Finn, ein schwarzer Stormtrooper, der in „Das Erwachen der Macht“ von dem britischen Schauspieler John Boyega gespielt wird, ist auf dem Poster, das in China den Kinostart begleitete, deutlich kleiner als auf den amerikanischen und europäischen Postern. Kritiker*innen sagen, so etwas passiere nicht zufällig, sondern sei eine bewusste Entscheidung gewesen. Die chinesische Zeitung Global Times bestreitet das.
Ein weiterer Vorfall:
Lou Jing (娄婧), eine junge Sängerin aus Shanghai, wurde Opfer eines Shitstorms, nachdem sie an der populären shanghaier Reality-TV-Show Let’s Go! Oriental Angel teilgenommen hatte. Während alle anderen Teilnehmer in der Show nach ihren Hobbies und ihren Lieblingsfächern gefragt wurden, drehten sich die Fragen der Jury in Lous Fall nur um eines: Ihre Hautfarbe. Als Kind einer shanghainesischen Mutter und eines afrikanisch-amerikanischen Vaters entsprach sie nicht dem Bild einer Chinesin, das inner- und außerhalb von China dominiert: hellhäutig und ethnisch Han.

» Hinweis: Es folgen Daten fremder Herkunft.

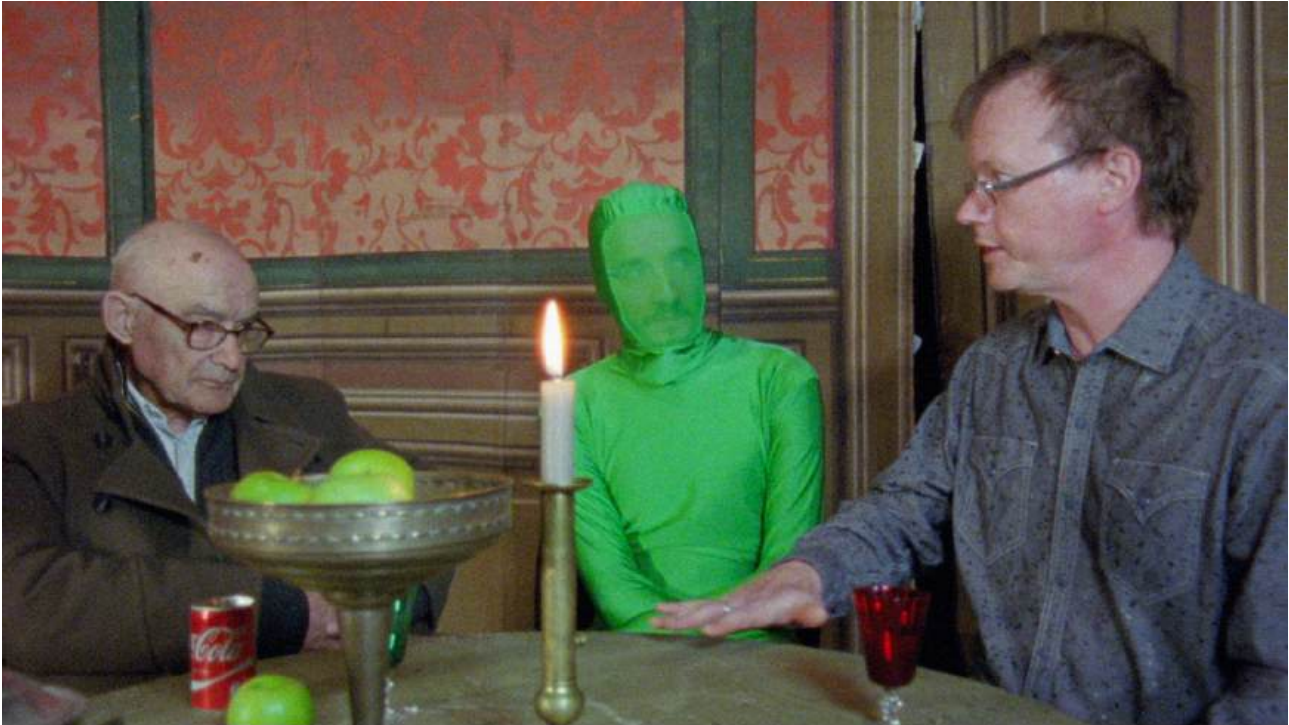
Above: Still from Ben Rivers and Ben Russell's THE RARE EVENT , as screened as part of DISTANCE, PROXIMITY & CONNECTION , London, November 2024.

place' beyond the dense philosophic discussions. They seem to be questioning, picking up and attempting to compute narratives engaged with, a figure on the edge. The conversations in the film centred magic and opacity - much like that of the man, of the trance-like state he moves in and out of realities, and the roving eye of the camera capturing moments from states of dreaming to intense debate.

Ungeachtet der Tatsache, dass Lou einen chinesischen Pass besitzt, Mandarin ihre Muttersprache ist und sie ausschließlich in China aufgewachsen ist, wurde sie Opfer massiver Attacken online. Ihrer Mutter wurde außerdem vorgeworfen, sich mit einem „fremden“ schwarzen Mann eingelassen zu haben – eine Narrative, die wir auch hier in Deutschland gut kennen.
Ein letztes Beispiel:
Im Vorfeld der olympischen Spiele in Beijing wurden mehrfach schwarze Männer festgenommen, denen unterstellt wurde, dass sie Drogendealer seien. In US-amerikanischen Kontexten ist dies als „racial profiling“ bekannt, also die Verdächtigung einer kompletten Gruppe nur aufgrund ethnischer Zugehörigkeit. Auch The Shanghaiist, ein unter in Shanghai lebenden Ausländer*innen beliebtes Onlinemagazin, berichtete über mehrere Vorfälle, bei denen schwarzen Menschen der Zutritt zu Bars und Nachtklubs verwehrt wurde. Wieder war Verdacht der Türsteher: Drogendealer.
Rassismus ist nicht gleich Rassismus
Es lassen sich viele weitere Beispiele von Diskriminierungen und Anfeindungen finden. Rassismus ist aber nicht nur Diskriminierung. Wenn Rassismus in der westlichen Welt diskutiert wird, dann gehört definitorisch auch strukturelle Unterdrückung dazu. Gibt es diese in China? Viele chinesische Kommentatoren stellten und stellen dies in Frage, da China der kolonialhistorische Kontext fehle, der in Europa und den USA Rassismus etablierte. Allerdings sind diese Vorfälle keine individuellen Einzelfälle. Sie werden von einem erheblichen Teil der chinesischen Bevölkerung getragen, aber auch von den Medien und der Staatsgewalt.
Wenn also die beiden Merkmale, die Rassismus auszeichnen, strukturelle Unterdrückung und Diskriminierung sind, dann gibt es Rassismus in China. Aber irgendwie stimmt dieses Bild noch nicht so ganz.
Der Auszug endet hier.